Until now, only one experiment reported the combination of equine MSCs and ESWT in vitro; the authors reported that shockwaves stimulate adipose derived stem cells to a higher potential for differentiation toward adipogenic, osteogenic and chondrogenic lineages (9). In contrast, Suhr et al. (7) found that applying shockwaves to human bone marrows MSCs reduced the osteogenic and chondrogenic differentiation, and the adipogenic differentiation was unaffected. Similar to our results, Leone et al. (21) found an improved differentiation toward adipogenic and osteogenic lineages in human tendon-derived stem/progenitor cells. As cell signaling studies have shown, same types of cells respond differently to the same stimulus (22), we believe this variation in response to treatment to be the reason why MSCs from different sources, have a different biological behavior after ESWT.

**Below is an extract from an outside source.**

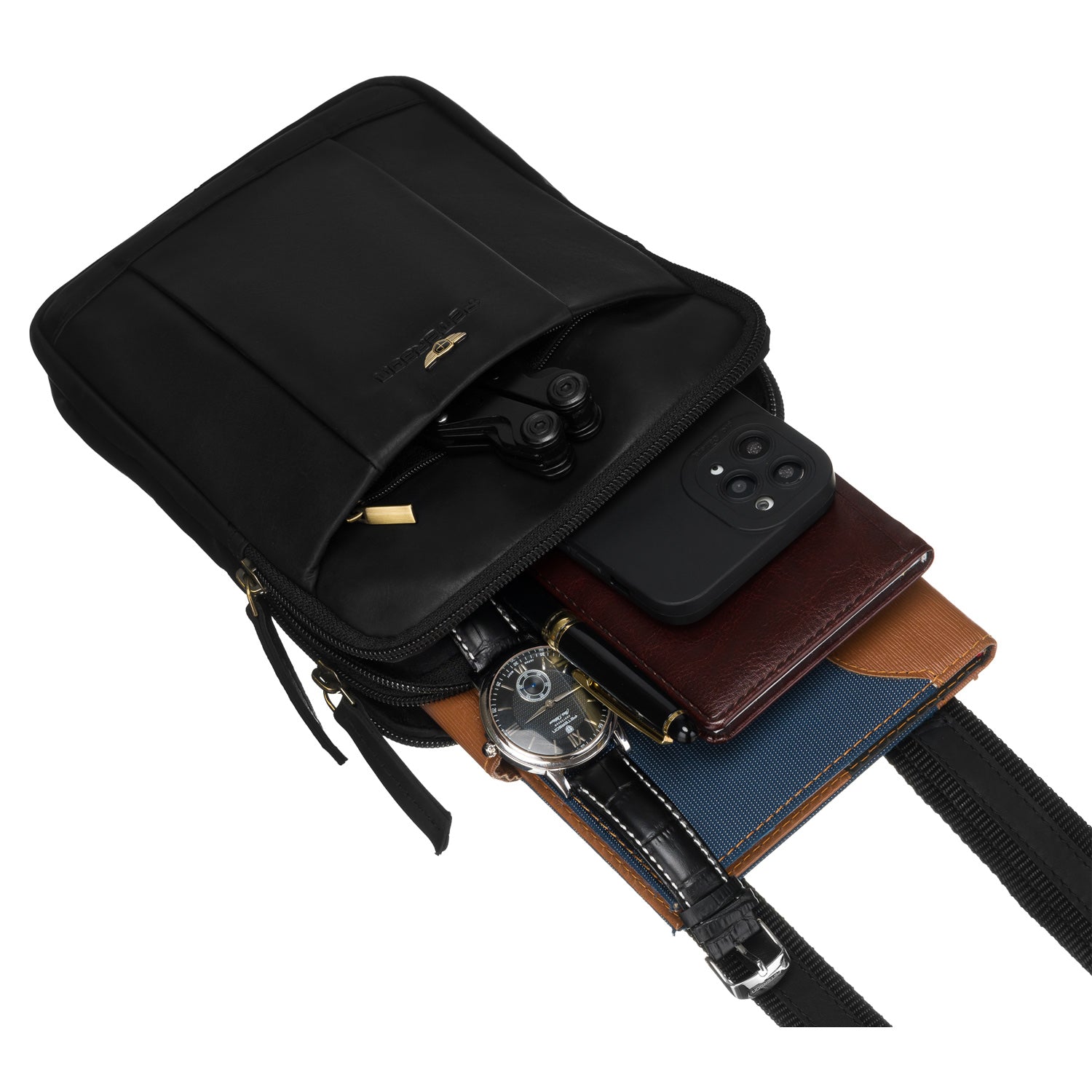 Peterson vyriška delninė iš dirbtinės odos, juodos spalvos, su dviem skyriais ir trimis kišenėmis.
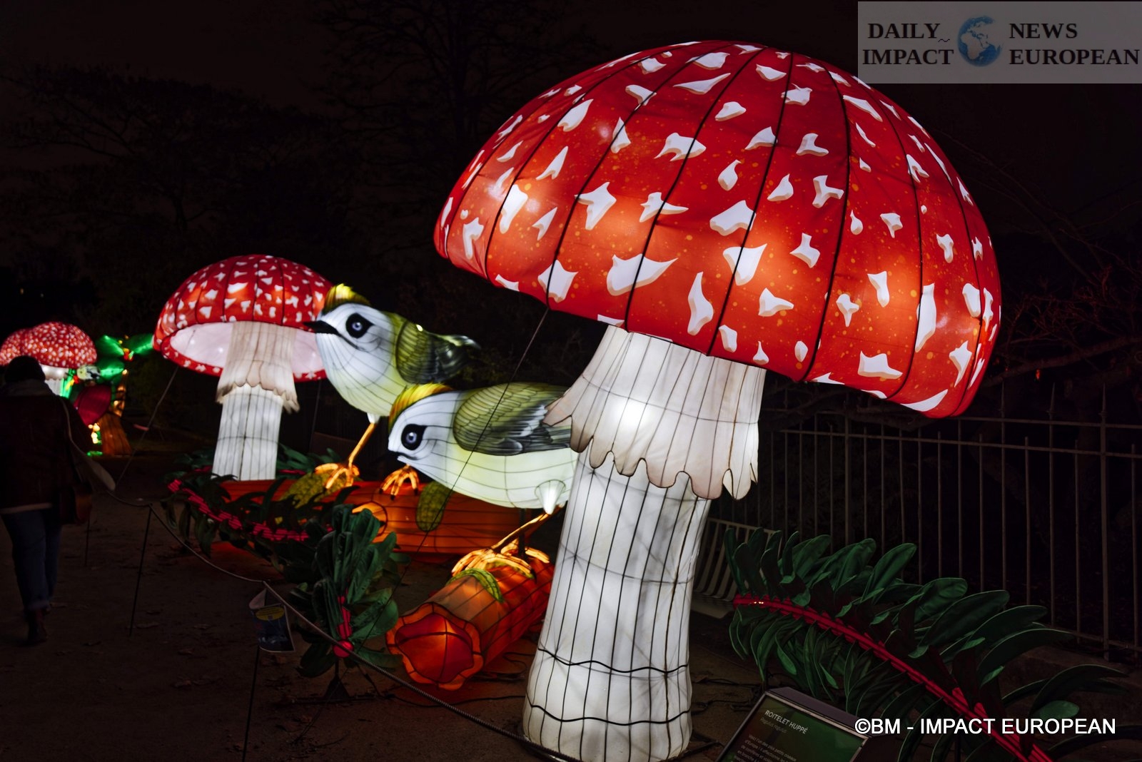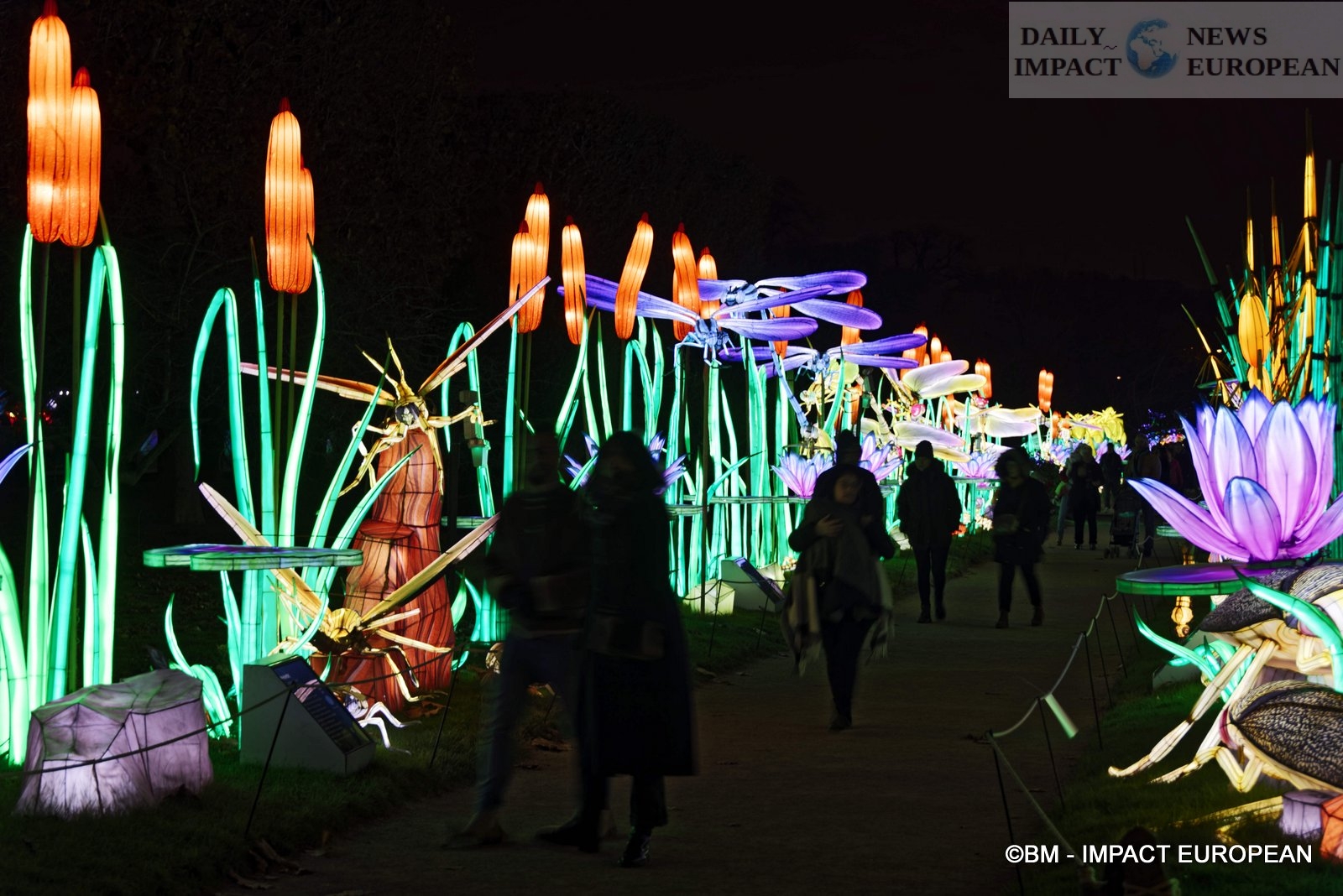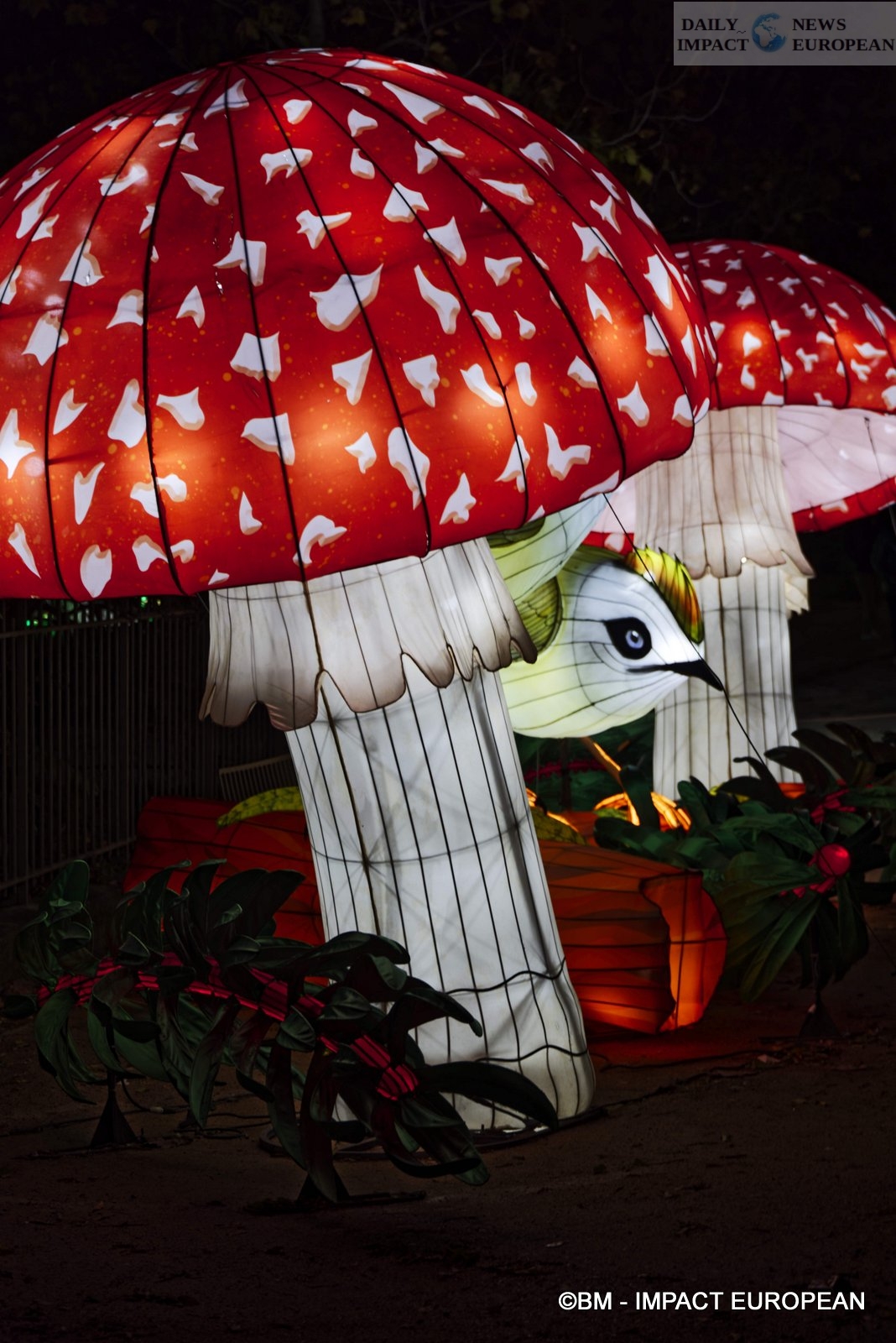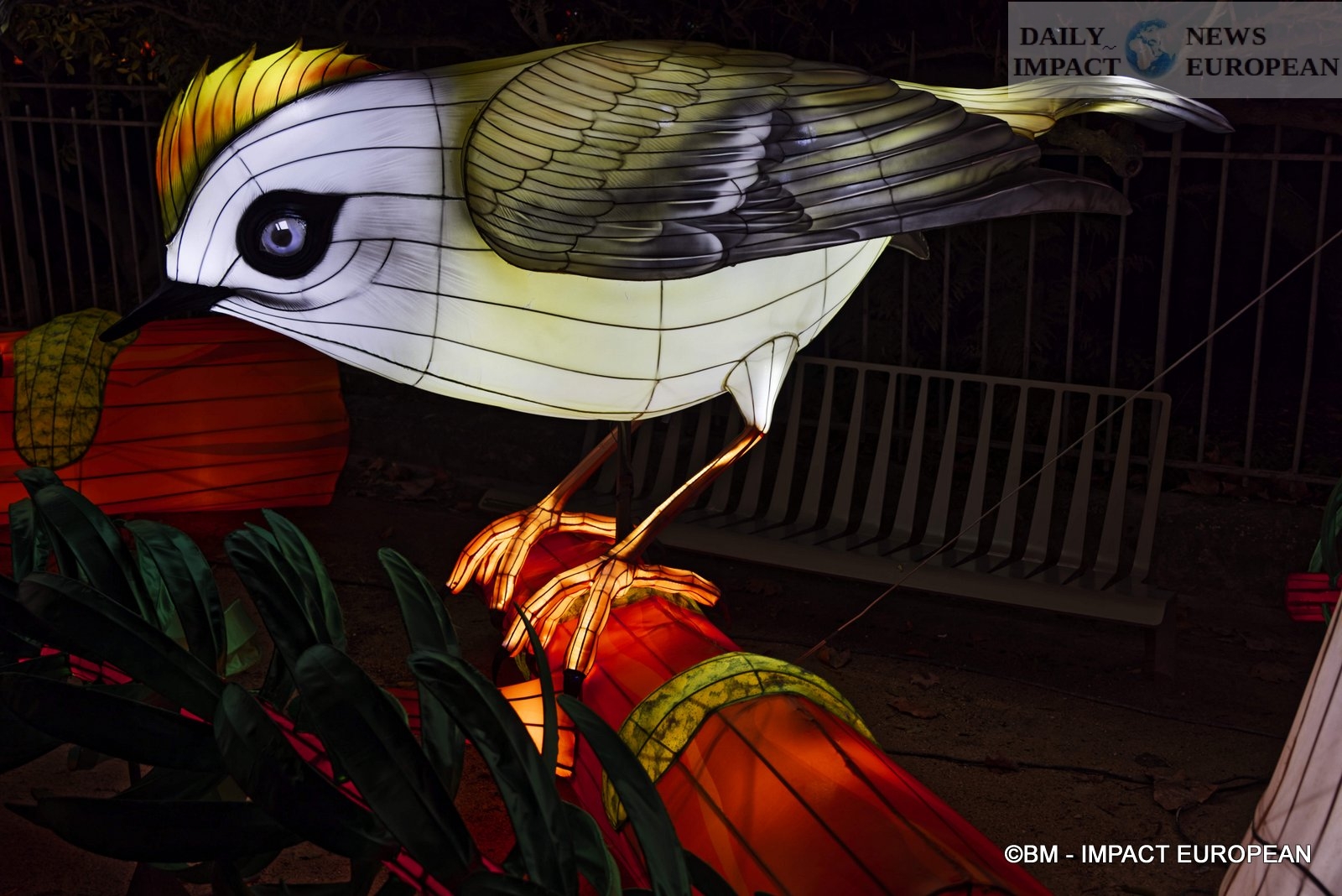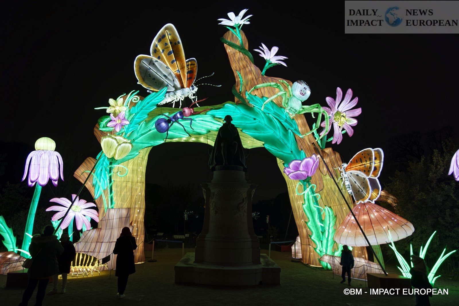 Taking into account energy sobriety, the scientists of the Museum designed the story, the scenario and all the structures. The Chinese partner (Lantern Festival) has produced, using the traditional technique, all the structures made of metal and painted fabrics to give finesse to all the insects, plants and animals represented. The set is equipped with LEDs to have a limited energy cost.

In the search of MSCs with an increased rate of survival after transplantation, Heneidi et al. (23) isolated and characterized a new population of ASCs named multilineage differentiating stress enduring cells. The cells were isolated using severe stress conditions in an attempt to improve the low rates of post-transplant cell survival. In our study after exposing the equine CB-MSCs to ESWT, an increase in adipogenic potency was observed in addition to an increase in metabolic activity. It is possible that ESWT can precondition the cells, allowing them a superior performance when transplanted. Furthermore, the combination of ESWT with ASCs has been shown beneficial, as observed in experimental studies of brain damage in rats where this combination of ESWT and MSCs treatment reduces the effect of local and systemic inflammatory immune reactions, oxidative stress and apoptosis and even reduced damage to the mitochondria in the brain (24).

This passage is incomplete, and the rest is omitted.